EXERCISE REQUIREMENTS
Restate word for word the section of the entries that opens at the line containing "Väisänen kertoo yhteistyön" and closes at the line containing "Urejanje središča Žirov", both lines kept, pictures dropped.

Segment Start: RAW DATA

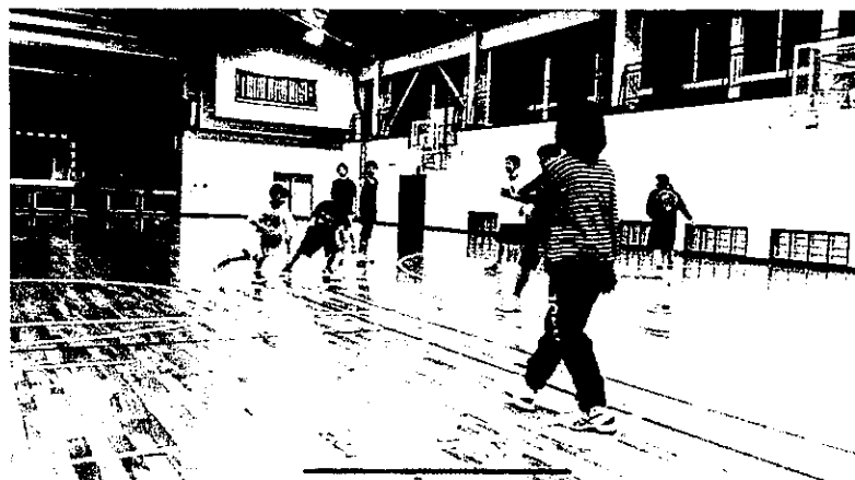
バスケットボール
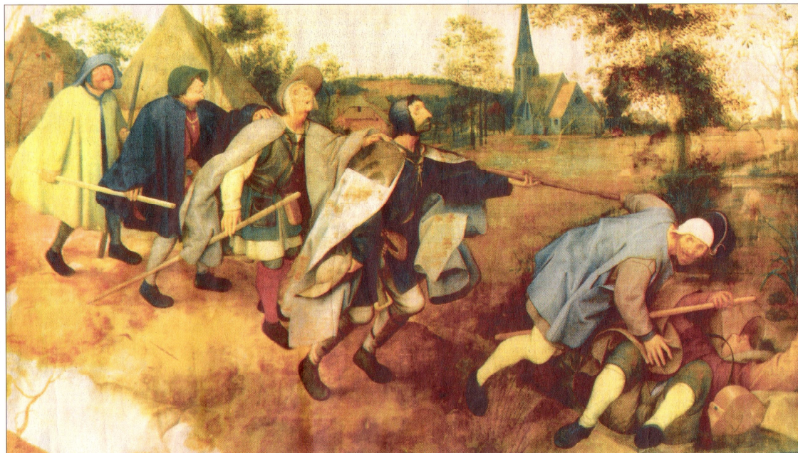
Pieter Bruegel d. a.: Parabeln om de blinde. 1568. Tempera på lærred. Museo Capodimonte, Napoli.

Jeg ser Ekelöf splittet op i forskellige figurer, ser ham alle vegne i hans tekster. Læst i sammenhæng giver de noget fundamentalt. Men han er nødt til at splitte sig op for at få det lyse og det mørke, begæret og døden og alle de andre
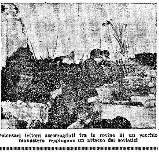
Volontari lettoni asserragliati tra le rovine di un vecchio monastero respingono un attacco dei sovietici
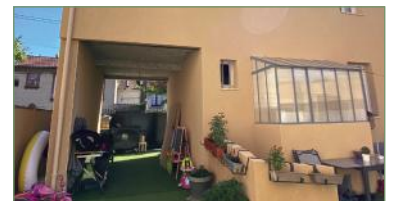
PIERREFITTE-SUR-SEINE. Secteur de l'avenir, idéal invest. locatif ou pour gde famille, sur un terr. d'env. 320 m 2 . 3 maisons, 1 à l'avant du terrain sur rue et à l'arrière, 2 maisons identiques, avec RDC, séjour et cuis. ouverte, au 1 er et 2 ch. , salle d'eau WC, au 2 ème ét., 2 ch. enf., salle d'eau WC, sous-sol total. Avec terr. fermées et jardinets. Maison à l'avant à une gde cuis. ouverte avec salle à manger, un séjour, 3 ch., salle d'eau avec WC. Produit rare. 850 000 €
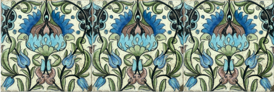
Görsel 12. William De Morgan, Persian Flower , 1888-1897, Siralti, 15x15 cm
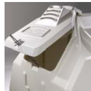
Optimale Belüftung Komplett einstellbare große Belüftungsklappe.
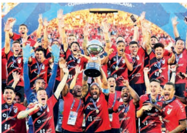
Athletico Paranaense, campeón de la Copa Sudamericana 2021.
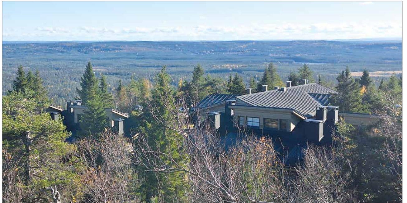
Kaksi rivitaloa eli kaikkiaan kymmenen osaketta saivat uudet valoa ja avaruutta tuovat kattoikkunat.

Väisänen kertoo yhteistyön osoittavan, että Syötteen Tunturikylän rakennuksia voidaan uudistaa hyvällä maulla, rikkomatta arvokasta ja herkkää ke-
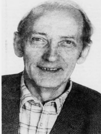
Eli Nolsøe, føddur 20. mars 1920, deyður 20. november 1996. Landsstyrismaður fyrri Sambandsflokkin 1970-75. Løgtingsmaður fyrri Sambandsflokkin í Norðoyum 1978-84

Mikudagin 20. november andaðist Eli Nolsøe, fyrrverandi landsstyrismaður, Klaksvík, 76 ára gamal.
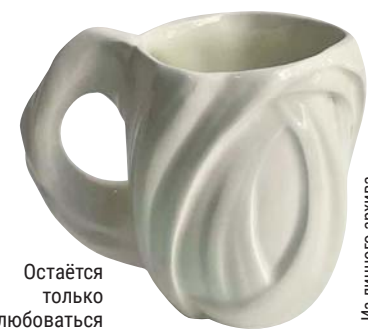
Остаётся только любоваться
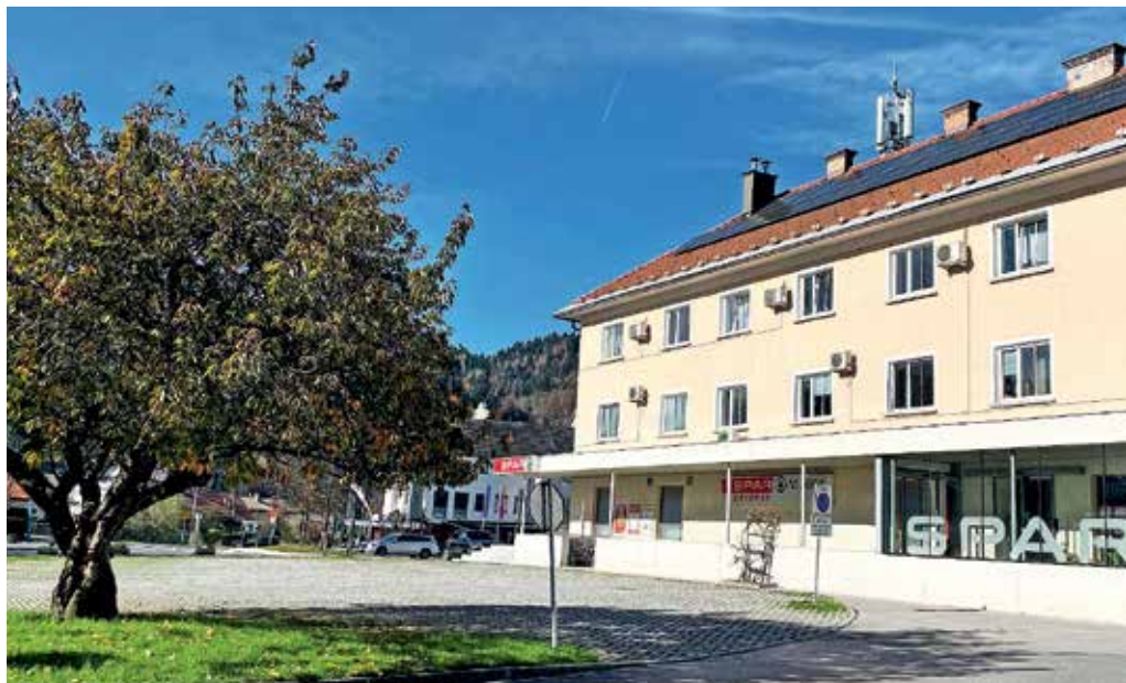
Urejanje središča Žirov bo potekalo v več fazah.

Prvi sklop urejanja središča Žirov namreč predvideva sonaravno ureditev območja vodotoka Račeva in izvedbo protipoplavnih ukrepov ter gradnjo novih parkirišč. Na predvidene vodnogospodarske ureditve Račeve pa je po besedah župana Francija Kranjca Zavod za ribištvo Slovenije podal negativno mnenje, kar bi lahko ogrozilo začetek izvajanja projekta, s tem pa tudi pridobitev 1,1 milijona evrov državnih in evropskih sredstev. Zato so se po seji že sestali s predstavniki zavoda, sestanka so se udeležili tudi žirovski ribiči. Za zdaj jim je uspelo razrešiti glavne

Segment End: RAW DATA
Segment Start: RAW DATA

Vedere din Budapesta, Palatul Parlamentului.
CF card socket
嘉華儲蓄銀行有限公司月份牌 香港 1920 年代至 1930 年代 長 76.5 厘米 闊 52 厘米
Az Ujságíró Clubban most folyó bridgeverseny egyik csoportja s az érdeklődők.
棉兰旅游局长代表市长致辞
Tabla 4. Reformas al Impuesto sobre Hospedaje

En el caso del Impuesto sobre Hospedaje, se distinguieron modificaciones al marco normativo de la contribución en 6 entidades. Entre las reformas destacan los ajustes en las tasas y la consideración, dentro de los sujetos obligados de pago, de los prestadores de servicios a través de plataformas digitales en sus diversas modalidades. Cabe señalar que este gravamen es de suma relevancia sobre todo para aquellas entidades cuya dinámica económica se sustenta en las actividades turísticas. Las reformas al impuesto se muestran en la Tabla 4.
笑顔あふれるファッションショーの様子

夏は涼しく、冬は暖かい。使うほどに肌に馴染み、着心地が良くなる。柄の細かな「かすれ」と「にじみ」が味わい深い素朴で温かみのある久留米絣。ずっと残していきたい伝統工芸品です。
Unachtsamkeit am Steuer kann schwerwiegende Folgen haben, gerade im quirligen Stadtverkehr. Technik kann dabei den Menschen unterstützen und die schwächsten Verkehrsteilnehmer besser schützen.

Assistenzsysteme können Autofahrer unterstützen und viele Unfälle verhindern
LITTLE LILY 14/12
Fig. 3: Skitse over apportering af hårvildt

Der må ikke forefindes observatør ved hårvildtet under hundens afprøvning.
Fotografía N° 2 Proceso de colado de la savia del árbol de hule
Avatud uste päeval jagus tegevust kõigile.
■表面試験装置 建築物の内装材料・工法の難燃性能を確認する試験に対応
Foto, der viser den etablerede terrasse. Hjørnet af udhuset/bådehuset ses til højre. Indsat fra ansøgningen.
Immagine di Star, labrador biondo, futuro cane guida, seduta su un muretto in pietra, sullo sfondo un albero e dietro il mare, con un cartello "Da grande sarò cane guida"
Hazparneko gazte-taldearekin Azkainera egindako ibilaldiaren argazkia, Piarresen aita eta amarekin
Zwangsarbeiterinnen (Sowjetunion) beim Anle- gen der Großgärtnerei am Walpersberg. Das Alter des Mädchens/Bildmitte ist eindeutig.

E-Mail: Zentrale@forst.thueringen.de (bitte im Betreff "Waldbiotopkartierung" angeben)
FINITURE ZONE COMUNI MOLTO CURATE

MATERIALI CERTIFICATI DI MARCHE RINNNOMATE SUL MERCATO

Segment End: RAW DATA
Segment Start: RAW DATA

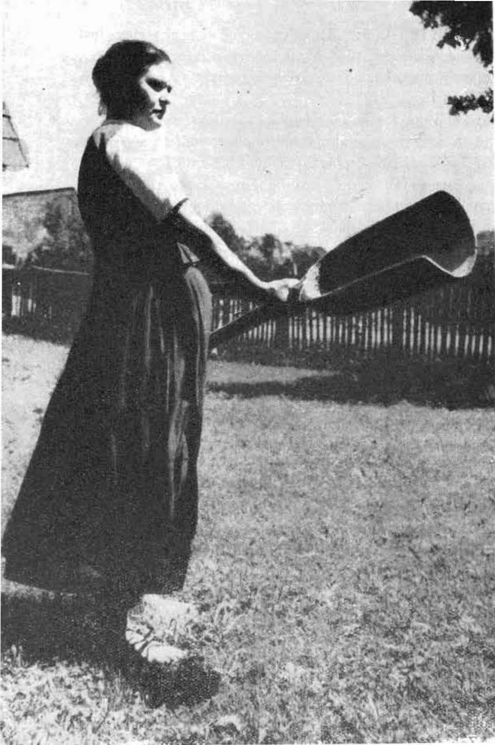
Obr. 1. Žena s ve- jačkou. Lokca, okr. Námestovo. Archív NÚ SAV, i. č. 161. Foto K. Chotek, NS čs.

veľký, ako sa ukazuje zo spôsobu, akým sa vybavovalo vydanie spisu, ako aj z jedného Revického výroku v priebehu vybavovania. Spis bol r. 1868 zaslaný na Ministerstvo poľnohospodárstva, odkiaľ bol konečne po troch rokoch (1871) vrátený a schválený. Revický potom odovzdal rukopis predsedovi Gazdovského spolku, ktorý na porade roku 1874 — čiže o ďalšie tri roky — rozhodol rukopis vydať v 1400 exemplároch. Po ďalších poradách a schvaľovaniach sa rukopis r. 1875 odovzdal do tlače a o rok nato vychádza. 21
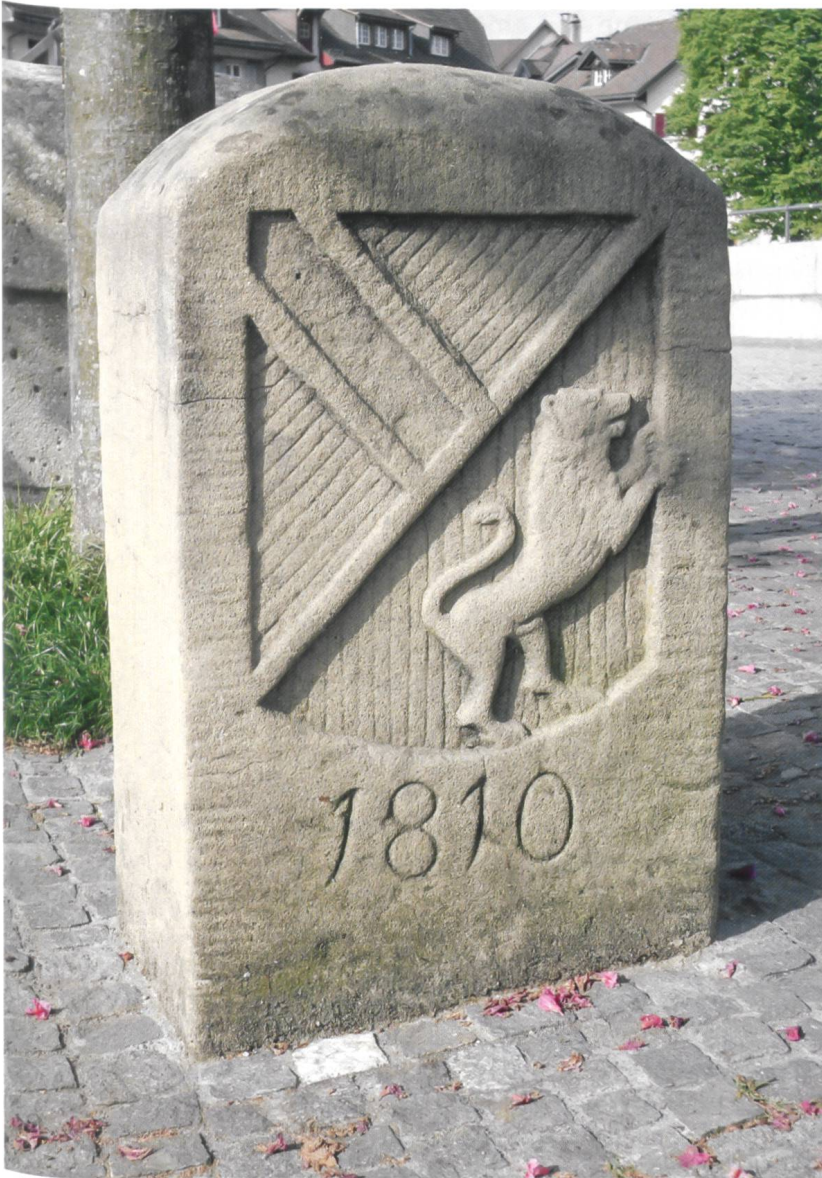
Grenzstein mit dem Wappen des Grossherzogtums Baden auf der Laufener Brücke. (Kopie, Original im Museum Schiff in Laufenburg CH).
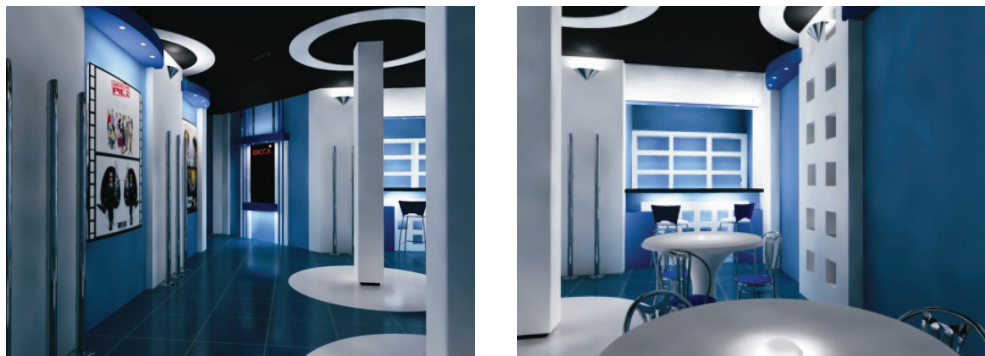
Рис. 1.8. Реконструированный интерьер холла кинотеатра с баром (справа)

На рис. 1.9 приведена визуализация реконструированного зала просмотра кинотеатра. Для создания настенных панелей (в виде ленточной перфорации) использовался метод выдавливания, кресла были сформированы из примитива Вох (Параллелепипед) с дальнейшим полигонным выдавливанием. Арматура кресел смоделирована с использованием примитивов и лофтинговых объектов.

Segment End: RAW DATA

REPLY TO THE TASK
Väisänen kertoo yhteistyön osoittavan, että Syötteen Tunturikylän rakennuksia voidaan uudistaa hyvällä maulla, rikkomatta arvokasta ja herkkää ke-
Eli Nolsøe, føddur 20. mars 1920, deyður 20. november 1996. Landsstyrismaður fyrri Sambandsflokkin 1970-75. Løgtingsmaður fyrri Sambandsflokkin í Norðoyum 1978-84

Mikudagin 20. november andaðist Eli Nolsøe, fyrrverandi landsstyrismaður, Klaksvík, 76 ára gamal.
Остаётся только любоваться
Urejanje središča Žirov bo potekalo v več fazah.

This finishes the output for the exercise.